Mais à une autre échelle et dans un pas de temps différent, des évolutions majeures
peuvent se produire dans l’environnement commercial, technologique,
réglementaire… et impacter les termes de l’échange, rendant les produits ou
services démodés, obsolètes, inadaptés, déclassés, … alors que de nouveaux
besoins, de nouvelles exigences émergent. La fonction de production peut aussi
être modifiée par les coûts d’achat, les frais de main d’œuvre, le cours des
matières premières, dans un contexte de concurrence élargie. Ces évolutions changent l’équilibre de l’échange, et
le prix pratiqué : même si toute la mécanique de la chaîne de valeur est
en état de marche, la transformation est progressivement remise en cause. Il en
ira de même pour les services non marchand, qui, bien que n’ayant pas de prix
direct, ont un prix indirect de par impôts, subventions, cotisations, voire investissement
personnel de bénévoles…
Ces mouvements généraux,
mouvements de marché (mondialisation, désindustrialisation, montée en puissance
des services, réglementation et déréglementation, financiarisation,
numérisation, …), sont généralement constatés. Ce sont des faits. Le défi pour
les Entreprises et Organisations est bien sûr de maintenir un cap et d’évoluer
pour garder sa place, éventuellement conquérir de nouvelles places. Ces
mouvements de fond sont autant des opportunités que des menaces. Par exemple
les barrières à l’entrée sur un nouveau marché sont en général faibles, puis deviennent
trop importantes pour un nouvel entrant à faible assiette financière. De même
les barrières à la sortie peuvent être décourageantes. En outre, au point où en
est notre civilisation, l’économie de l’information, et son rendement d’échelle
caractéristique, exacerbent la récompense, ou la punition !
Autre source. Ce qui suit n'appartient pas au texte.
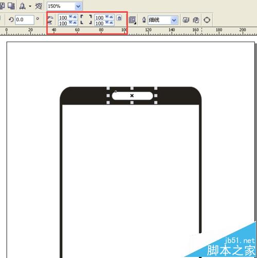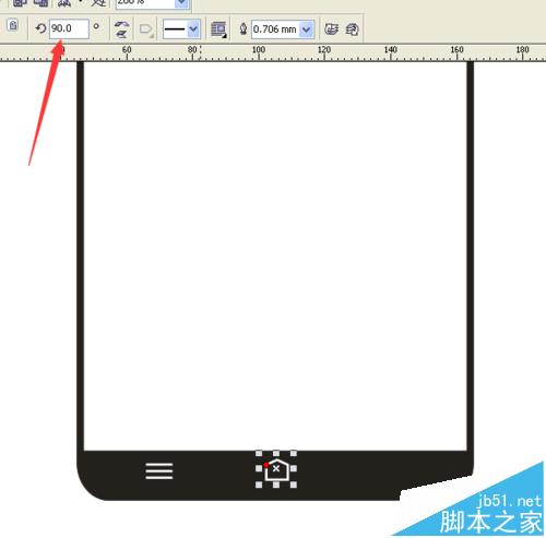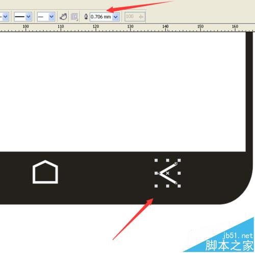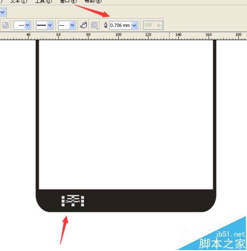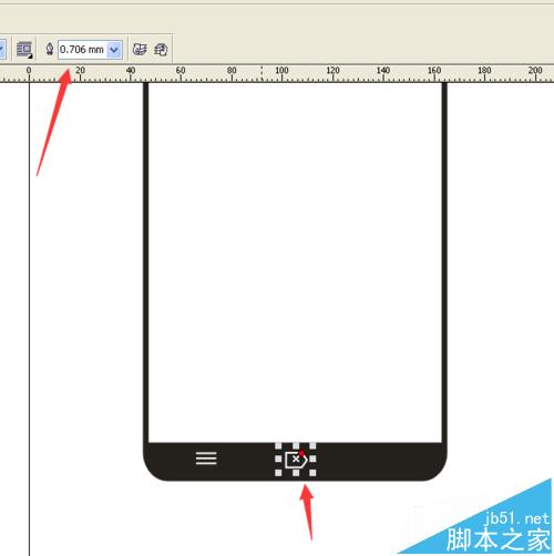 12、在手機的下邊,畫出三橫做為手機的菜單鍵,設置這三橫的輪廓為0.706mm,并填充為白色。

Ce sont là évidences, qu’il
faut dépasser pour mettre en pratique.
Face à ces
bouleversements, quels chemins peut prendre l’Entreprise ou
l’Organisation ?
La question posée a, pour
partie, une réponse simple : le terrain
des affrontements est connu, il est décrit en grandes mailles par la
cartographie de l’architecture de valeur. Le stratège qui mène ses troupes a
donc à sa disposition la carte du champ de bataille, objective, neutre, non
valorisée. Il connait ses positions. Il lui faut prévoir les évolutions
contextuelles dont nous avons parlé.
Le repérage logique et
objectif obtenu grâce à l’architecture de valeur est alors précieux, car il offre
un cadre d’analyse pour :
·
anticiper les
évolutions de structure : apparition de nouveaux univers fondés sur des cycles qui émergent, comme par
exemple le monde du collaboratif 2.0, des produits innovants, la connaissance
plus intime d’événements jusqu’à présent cachés,…
·
objectiver, à
structure de chaîne de valeur identique, les changements de paramètres revenu, coût,
impact sociétal,…), et visualiser la déformation
des territoires, par exemple par des cartes en anamorphose (voir ci contre la carte de la France déformée par les performances du
TGV).
Ce damier d’analyse
confortera les approches classiques qui pourront nourrir la réflexion,
quantifier les potentiels de marché sur chacun des territoires identifiés, imaginer
la « capture de valeur », et les « océans
bleus ». Puis il faudra se mettre en mouvement.
Les questions sont
multiples : Quel « détour productif » faire ? Pour quelle
cible ? Sur la base de quelles technologies ? A quelle
échéance ? Avec quels investissements ?
Car les chemins pour
conserver, capter, découvrir … de la valeur, peuvent aller en toute direction,
dans tous les azimuts de la chaîne de valeur. Une réponse « passe
partout » est de préconiser l’agilité. Mais, si on est agile, sait-on pour
autant quelle « guerre éclair » mener ? Quelle manœuvre d’anticipation engager si l’on
n’a pas à la base la cartographie des territoires des chaînes de valeur,
d’aujourd’hui et de demain ?
Ici se termine le
plaidoyer pour la cartographie des chaînes de valeur. Nous reprendrons ce sujet
sous l’angle des types de mouvements envisageables, pour atteindre des océans que
chaque grand manœuvrier voudrait les plus « bleus » possibles.